In the upper left, Nebraska basketball letterwinners are listed by senior year.
By Randy York
Late last week, near the end of an extensive tour of the Bob Devaney Sports Center for about 150 Nebraska athletic letterwinners and their invited guests, Maggi Thorne ushered her large group into the Nebraska men’s basketball lounge/locker room, a feature attraction in the Huskers’ dynamic practice facility. The group exited through an entryway lined with white basketballs that turn red on both sides of the hallway whenever people walk by.
Thorne, however, paused long enough for the group to see the list of Nebraska basketball men’s letterwinners in a prominent place in the same hallway. Nancy Hester tapped her husband on the side and directed his attention to an area where five names were listed as letterwinners in 1960, and sure enough, Wayne Hester’s name was listed right next to Herschell Turner’s. Hester was a 6-2 guard from Lincoln. Turner was a 6-2 guard from Indianapolis.
Herschell was one of the first Husker players inducted into the Nebraska Basketball Hall of Fame. Wayne never received such an individual honor but on a vibrant graphic hanging in that hallway, his name was engraved in the exact same way Turner’s was. There was no larger type, no asterisks, no definitional requirements, just an historical acknowledgement that both practiced and played together and earned Nebraska’s most distinguished honor – that white “N” on a scarlet-and-cream-colored letter jacket.
Hester’s Smile Was Meaningful Affirmation
When I asked Hester if it was meaningful to see his name etched in his alma mater’s trendy hallway, he didn’t have to say one word. His smile was the only affirmation necessary.
Thorne, a former Husker track and field student-athlete whose name is tied to a school record relay team, smiles when she sees Hester’s smile. An assistant director for capital planning and construction for Nebraska Athletics, she helped lead the amazing transformation of the Devaney Center and had one compelling thought that kept ringing in her ear as she took on the challenge.
“Before I even got a job working here, I’ve always wanted to build something that would make me want to come here again,” said the former California State Junior College hurdle champion.

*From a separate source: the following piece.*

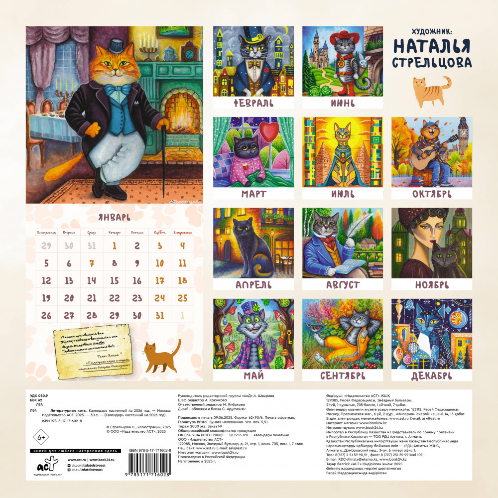 Календарь настенный на 2026 год «Литературные коты»+36
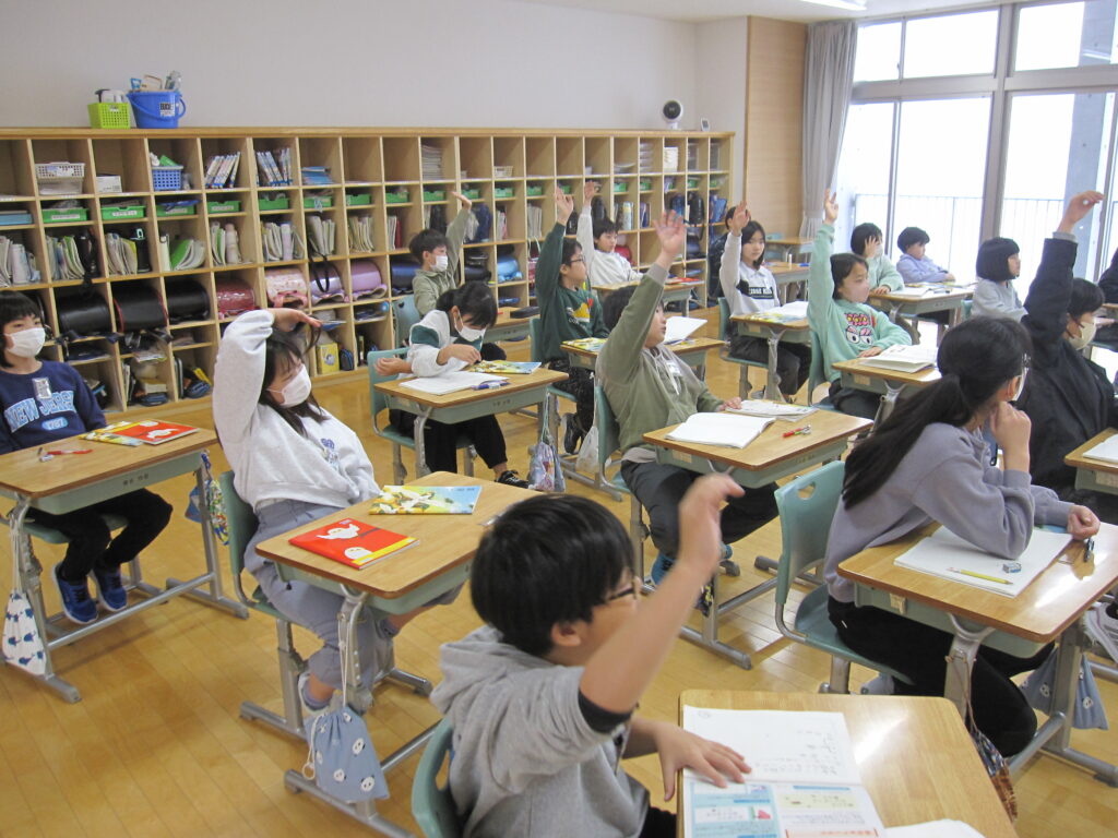 3年生が、ローマ字カードを並べて外国語の学習をしていました。

Krenk’s Idea Led to Innovative Approach
In the same group with Hester was Husker football letterwinner Mitch Krenk, who shook his head as he continued down the hallway on the last leg of the Devaney Center tour. Krenk had one of those silent memorable moments watching Hester connect to his place in Nebraska history.

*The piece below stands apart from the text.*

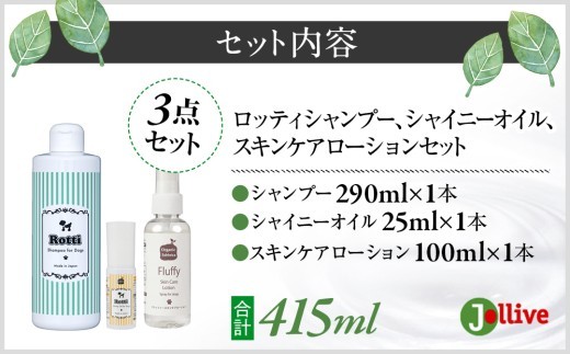 L03-023 ロッティシャンプー290mL、ロッティオイル25mL、フラッフィースキンケアローション100mL(1本ずつ)
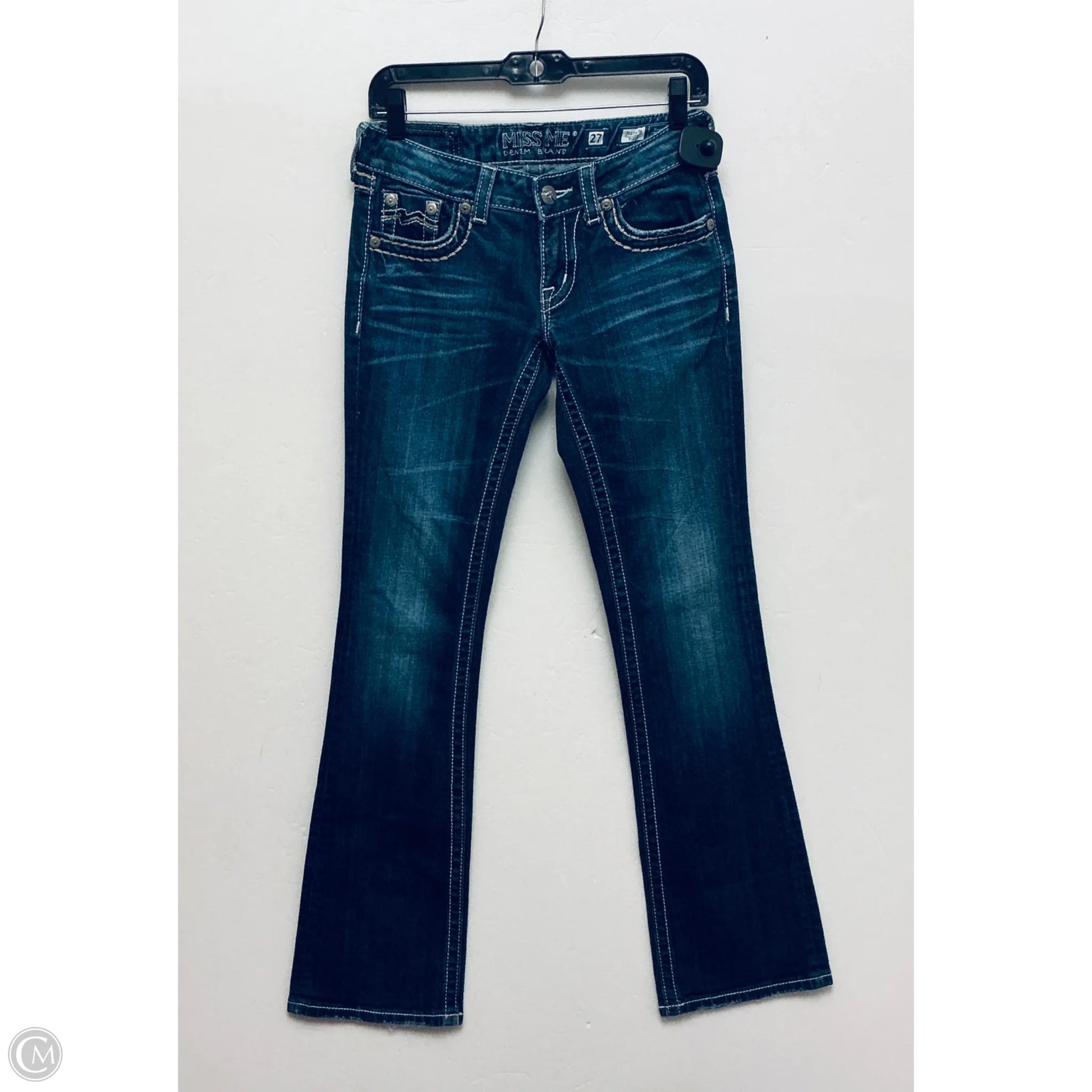 Slip into these Miss Me blue denim straight jeans in size 4 for a chic, comfy look that stands out!

Krenk, you must understand, was the impetus behind Nebraska building a letterwinner wall outside Memorial Stadium six months after Tom Osborne, his former head football coach, accepted Harvey Perlman’s offer to return to Nebraska as Athletic Director.
At that time in 2007, the Nebraska Athletic Department did not manage the N-Club when Krenk was its president. Osborne scheduled a meeting with Krenk and asked if there was anything that could help Nebraska student-athletes that they didn’t have now.
Soldier Field Impetus for Memorial Stadium
Krenk thought for a minute and then offered up an idea that moved him in a way he never dreamed possible. “Coach,” he told Osborne, “my family and I went to see Soldier Field when they rebuilt it in Chicago, and my kids were blown away that my name was up there on the same players’ wall with Walter Payton. It was a great sense of pride for the whole family. On that wall, we were equals on the same Super Bowl Team.”
A walk-on at Nebraska, Krenk worked his way up from 7th-team tight end to heavy-duty playing time that eventually led him to signing a contract with the Chicago Bears and spending two years there, including the 1985 Super Bowl championship team.
If you want another twist to this inspirational story, consider the pride that Mitch Krenk feels when he views the Lettermen’s Wall that was unveiled the night before the 2008 Spring Game. He played on the same team with the likes of Mike Rozier, Roger Craig, Dave Rimington, Turner Gill and Irving Fryar.
Nick’s Name Up There with Stu, Dave, Eric
Nick Krenk, Mitch’s son, followed his father’s inspired lead and walked on to play basketball at Nebraska. He, too, earned a letter and has an equal place on the same wall graced by the names Stu Lantz, Dave Hoppen and Eric Piatkowski.
“Once a Husker always a Husker,” Thorne said, explaining the simplicity and the feeling that every Nebraska letterwinner experiences.
Nebraska went from minimal letterwinner displays to eye-catching graphics that now trumpet the names of every single Husker letterwinner in the 24 varsity sports in which Nebraska still competes.
In college athletics, such a practice was little known if at all. A few years later, when Jim Tressel toured Nebraska’s facilities when he was in Lincoln as a keynote speaker, the then Ohio State head football coach said he’d never seen anything remotely close to a lettermen’s wall and vowed to copy Nebraska’s lead in one way or another.
Where Else Does Everyone Know Your Name?
West of Memorial Stadium in a prominent spot for moving traffic, there’s a billboard that says simply: “There is No Place!”
Maybe someday Nebraska partner First National Bank will finish the sentence.
There is No place that has every letterwinners’ name, giving them all their rightful place in Nebraska Athletic History.